> _Problem to solve_: Starting with the line containing "However, if you" and going on through the line containing "Senior man looking", return the lines of the data below exactly, and only those.

______________________________

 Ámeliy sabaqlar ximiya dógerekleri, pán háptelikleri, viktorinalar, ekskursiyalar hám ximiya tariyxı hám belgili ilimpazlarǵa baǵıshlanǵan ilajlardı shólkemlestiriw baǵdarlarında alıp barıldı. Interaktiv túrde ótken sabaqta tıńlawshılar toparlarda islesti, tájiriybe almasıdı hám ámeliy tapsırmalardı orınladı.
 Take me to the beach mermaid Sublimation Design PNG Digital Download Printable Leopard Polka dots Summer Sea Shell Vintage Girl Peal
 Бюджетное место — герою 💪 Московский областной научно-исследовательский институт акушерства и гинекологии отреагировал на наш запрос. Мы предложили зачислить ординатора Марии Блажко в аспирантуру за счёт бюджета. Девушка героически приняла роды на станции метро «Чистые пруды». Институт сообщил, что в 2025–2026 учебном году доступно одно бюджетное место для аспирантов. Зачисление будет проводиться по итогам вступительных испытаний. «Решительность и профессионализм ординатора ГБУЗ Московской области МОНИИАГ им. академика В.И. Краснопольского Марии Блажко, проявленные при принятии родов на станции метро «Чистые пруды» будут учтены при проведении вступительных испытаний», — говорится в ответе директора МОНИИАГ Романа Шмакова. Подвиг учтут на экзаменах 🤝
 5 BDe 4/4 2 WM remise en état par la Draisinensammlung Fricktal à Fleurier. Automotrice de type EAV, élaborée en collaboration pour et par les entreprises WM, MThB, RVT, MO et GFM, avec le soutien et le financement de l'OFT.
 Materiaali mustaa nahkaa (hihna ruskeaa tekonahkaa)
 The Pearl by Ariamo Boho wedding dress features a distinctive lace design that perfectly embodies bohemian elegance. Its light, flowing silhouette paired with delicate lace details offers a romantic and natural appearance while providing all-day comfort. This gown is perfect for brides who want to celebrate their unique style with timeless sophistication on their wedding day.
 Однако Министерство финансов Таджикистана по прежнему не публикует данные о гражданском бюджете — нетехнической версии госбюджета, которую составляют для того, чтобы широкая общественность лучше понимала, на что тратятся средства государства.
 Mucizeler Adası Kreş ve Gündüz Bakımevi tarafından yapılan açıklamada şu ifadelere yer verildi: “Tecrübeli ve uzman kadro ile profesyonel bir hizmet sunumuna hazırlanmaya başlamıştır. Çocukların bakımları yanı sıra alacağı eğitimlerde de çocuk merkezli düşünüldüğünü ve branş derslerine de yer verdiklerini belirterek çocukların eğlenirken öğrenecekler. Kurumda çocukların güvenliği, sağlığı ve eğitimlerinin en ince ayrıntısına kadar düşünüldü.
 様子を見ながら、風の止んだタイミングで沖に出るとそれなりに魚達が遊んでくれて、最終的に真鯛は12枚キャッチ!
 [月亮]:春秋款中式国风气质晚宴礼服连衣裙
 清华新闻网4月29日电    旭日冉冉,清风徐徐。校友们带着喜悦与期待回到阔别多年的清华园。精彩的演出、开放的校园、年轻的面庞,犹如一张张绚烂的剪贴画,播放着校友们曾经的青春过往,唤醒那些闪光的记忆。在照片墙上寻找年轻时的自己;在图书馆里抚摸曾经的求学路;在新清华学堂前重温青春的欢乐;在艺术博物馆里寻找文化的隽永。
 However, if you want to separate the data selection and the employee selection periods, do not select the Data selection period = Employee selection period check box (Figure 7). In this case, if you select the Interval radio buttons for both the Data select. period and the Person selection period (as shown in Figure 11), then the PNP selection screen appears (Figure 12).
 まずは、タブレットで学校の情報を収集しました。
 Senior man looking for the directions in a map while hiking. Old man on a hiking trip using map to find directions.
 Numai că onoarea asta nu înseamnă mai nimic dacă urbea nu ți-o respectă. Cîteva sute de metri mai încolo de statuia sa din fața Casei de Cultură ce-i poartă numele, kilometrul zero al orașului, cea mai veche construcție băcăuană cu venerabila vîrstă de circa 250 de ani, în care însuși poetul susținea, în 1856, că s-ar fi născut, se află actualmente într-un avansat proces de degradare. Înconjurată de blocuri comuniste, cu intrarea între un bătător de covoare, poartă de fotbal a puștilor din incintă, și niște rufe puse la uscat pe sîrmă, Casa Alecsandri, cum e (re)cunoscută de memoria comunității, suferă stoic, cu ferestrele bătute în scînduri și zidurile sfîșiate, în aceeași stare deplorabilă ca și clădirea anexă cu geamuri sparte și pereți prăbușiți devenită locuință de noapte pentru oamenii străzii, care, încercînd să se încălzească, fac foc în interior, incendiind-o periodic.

______________________________

> _Output of the task_:
 However, if you want to separate the data selection and the employee selection periods, do not select the Data selection period = Employee selection period check box (Figure 7). In this case, if you select the Interval radio buttons for both the Data select. period and the Person selection period (as shown in Figure 11), then the PNP selection screen appears (Figure 12).
 まずは、タブレットで学校の情報を収集しました。
 Senior man looking for the directions in a map while hiking. Old man on a hiking trip using map to find directions.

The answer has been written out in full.